Even with excellent specificity, PPV collapses when disease prevalence is low. This is not a “model failure” so much as a base-rate reality. Implementation needs calibrated risk reporting and preplanned confirmatory pathways (imaging, repeat testing) to prevent unnecessary invasive procedures.

How ctDNA should integrate with LDCT

A near-term, clinically plausible role is not replacing LDCT but improving nodule management and reducing avoidable downstream interventions. Practical integration models include:

Reflex testing for indeterminate nodules (LDCT-positive, unclear malignancy)

A blood test with high specificity can prioritize higher-risk nodules for PET-CT/biopsy while supporting surveillance for lower-risk nodules, potentially reducing invasive procedures and anxiety.

Risk-model augmentation (pre-test probability + ctDNA score)

Combine clinical risk calculators (age, smoking history, emphysema, nodule size/morphology) with ctDNA scores to produce calibrated post-test probabilities and decision thresholds aligned to guideline-recommended actions.

Interval testing strategy

In high-risk individuals with negative LDCT but persistently elevated molecular risk, consider earlier repeat imaging rather than immediate invasive workup—this is where tissue-of-origin accuracy and repeat-test reliability become critical.

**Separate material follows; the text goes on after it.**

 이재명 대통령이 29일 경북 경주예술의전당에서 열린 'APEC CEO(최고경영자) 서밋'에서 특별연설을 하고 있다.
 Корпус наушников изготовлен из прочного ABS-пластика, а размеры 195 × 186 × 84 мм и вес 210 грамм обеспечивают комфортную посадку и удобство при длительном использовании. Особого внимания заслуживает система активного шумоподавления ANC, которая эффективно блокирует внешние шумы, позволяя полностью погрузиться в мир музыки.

MCED feasibility studies illustrate the operational challenges of returning results (confirmatory workups, time-to-resolution, false positive management), which are directly relevant when designing lung-specific ctDNA + LDCT pathways1,5,29.

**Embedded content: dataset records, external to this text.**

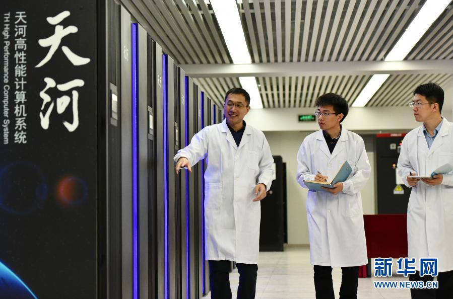 在國家超級(jí)計(jì)算天津中心“天河三號(hào)”原型機(jī)機(jī)房?jī)?nèi),應(yīng)用研發(fā)部部長(zhǎng)孟祥飛(左)和同事一起巡查(2019年4月24日攝)。新華社記者 李然 攝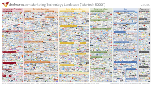 Partiamo da un esempio difficile, per rendere subito l’idea: volete scegliere una soluzione per migliorare le “vostre attività di contatto con il cliente”. Non c’è il problema della scarsità di scelta, dato che secondo la “marketing technology landscape supergraphic” di Scott Brinker per il 2017 sono stati mappati 5,381 soluzioni di 4,891 diverse aziende!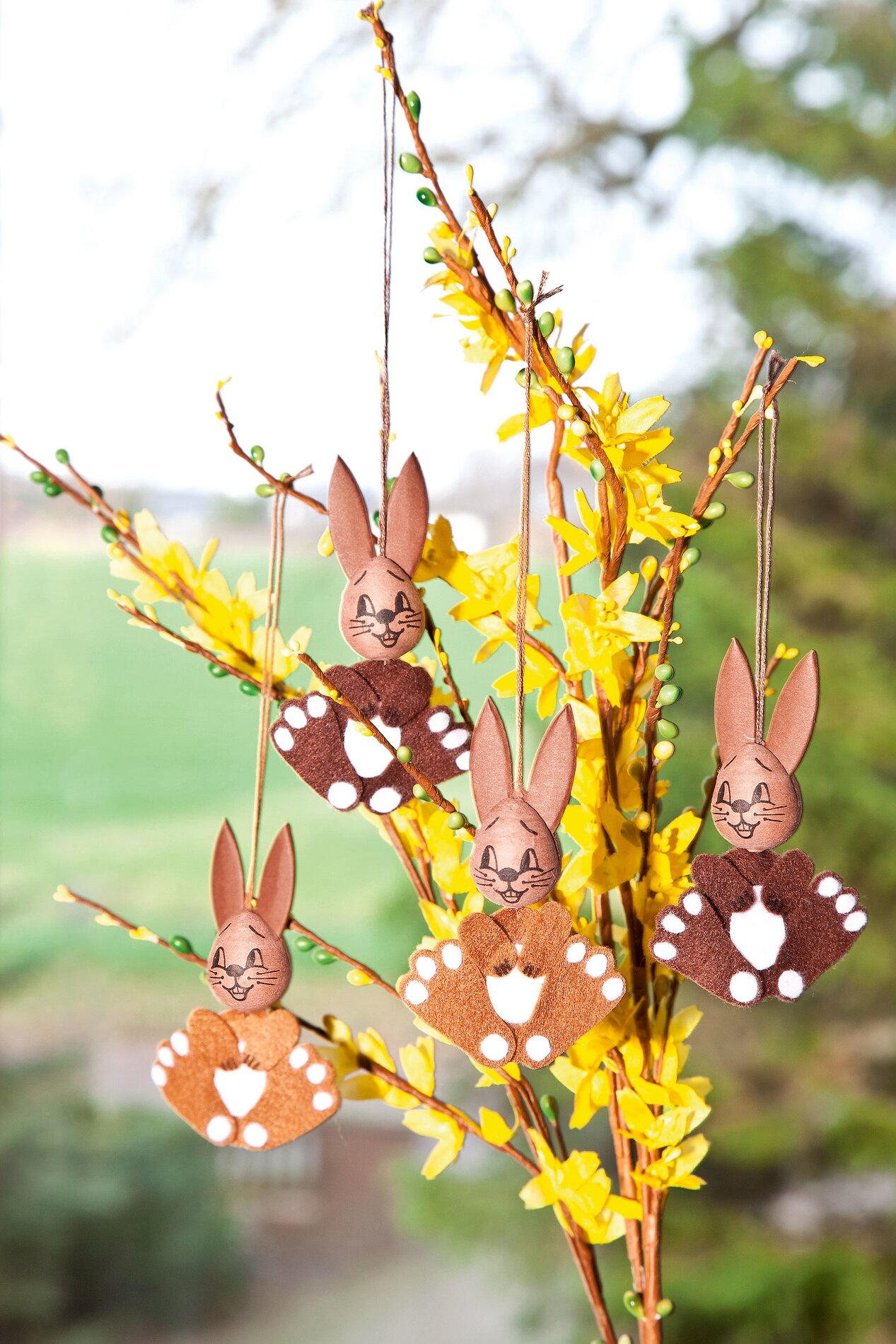 Użyj igły, aby przewlec nitkę hafciarską przez filc korpusu. Owiń małą "szyję" i przyklej ją do otworu w głowie króliczka. Przyklej wiszącą wstążkę do głowy.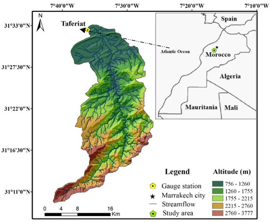 The study area is the Zat catchment, a tributary of the Tensift river basin. It is located in the South EST of Marrakech city with latitudes 31°30 and 31°45 north and longitudes 7°30 and 7°45 west, as shown in Figure 1. With elevations ranging from 756 to 3777 m and a surface of 521 km2 [7], while the annual precipitation average is 395 mm, of which 30% is snow at altitudes above 2000 m [48,49], the climate is intermediate between semiarid and humid in the upstream, semi-arid in the downstream, and greatly impacted by altitude [50]. The Zat catchment is characterized by a complex river network, recognized by a dense and complicated hydrographic network. A river drains the Zat Basin and connects with the Ourika River to form the Hadjar River’s two main tributaries. The upstream geology is defined by the outcrop of Precambrian terminal igneous and metamorphic rocks and is considered impermeable. While the downstream is in the northern sub-Atlantic zone, the principal outcrops are from the post-Hercynian layer mostly permeable [51]. At the highest elevations, the slope’s average is 19% [52]. These environmental conditions encourage the creation of runoff. The vegetation is divided into two sections: the forests in the mountain area upstream and the agricultural section downstream, which includes cultivated land along the river channel.

Cost-effectiveness: what actually determines value

Health-economic value is dominated by three parameters: test price, specificity, and downstream utilization (imaging/biopsies triggered by positives). For lung cancer specifically, cost-effectiveness improves if ctDNA meaningfully reduces unnecessary procedures from LDCT false positives or improves adherence by offering a less invasive adjunct that increases screening uptake. However, if a blood test increases follow-up imaging without improving early-stage detection or outcomes, it can increase cost and harm. Economic models therefore need to be paired with implementation trials that measure not just diagnostic performance, but downstream actions and patient-centered outcomes30.

Equity considerations

Equity risks are substantial: high-cost sequencing tests could preferentially benefit insured or urban populations, widening mortality gaps. In addition, models trained in narrow cohorts may underperform in underrepresented groups if baseline cfDNA profiles differ by comorbidities, exposures, or clinical access patterns. Concrete steps to address this include (i) diverse recruitment by design (race/ethnicity, sex, geography, comorbidity burden), (ii) transparent subgroup reporting, (iii) calibration checks across sites, and (iv) low-cost assay variants (e.g., targeted methylation qPCR panels) evaluated head-to-head against sequencing approaches for specific use cases like nodule triage29,30.

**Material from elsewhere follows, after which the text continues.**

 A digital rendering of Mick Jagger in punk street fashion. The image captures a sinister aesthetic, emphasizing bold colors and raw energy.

Future Directions and Research Recommendations

Future research priorities include: (1) large prospective screening trials; (2) head-to-head comparisons and external validation of multi-omic models; (3) improved tissue-of-origin localization with reference methylation atlases; (4) strategies for low-shedding tumors; (5) standardization efforts using reference materials; and (6) health-economic and implementation studies focused on uptake, equity, and downstream outcomes23,30.

Conclusion

In conclusion, ctDNA-based assays have made remarkable strides and may ultimately complement LDCT to improve early lung cancer detection. However, routine adoption is premature without prospective evidence demonstrating improved clinical outcomes and acceptable harm/benefit trade-offs. Continued technical innovation, rigorous validation, and thoughtful integration into clinical pathways will be essential2,4,26,22,30.